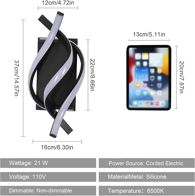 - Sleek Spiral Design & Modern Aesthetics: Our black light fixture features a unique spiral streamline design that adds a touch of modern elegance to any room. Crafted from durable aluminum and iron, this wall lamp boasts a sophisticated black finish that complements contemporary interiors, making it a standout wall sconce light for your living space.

* * *

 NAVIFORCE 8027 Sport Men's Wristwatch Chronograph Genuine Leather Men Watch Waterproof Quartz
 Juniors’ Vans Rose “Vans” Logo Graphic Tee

== Goal of the exercise ==
Transcribe, exactly and without additions, the lines of the records above, beginning with the line that contains "NAVIFORCE 8027 Sport" and ending with the line that contains "Juniors’ Vans Rose", both included.

== Output ==
 NAVIFORCE 8027 Sport Men's Wristwatch Chronograph Genuine Leather Men Watch Waterproof Quartz
 Juniors’ Vans Rose “Vans” Logo Graphic Tee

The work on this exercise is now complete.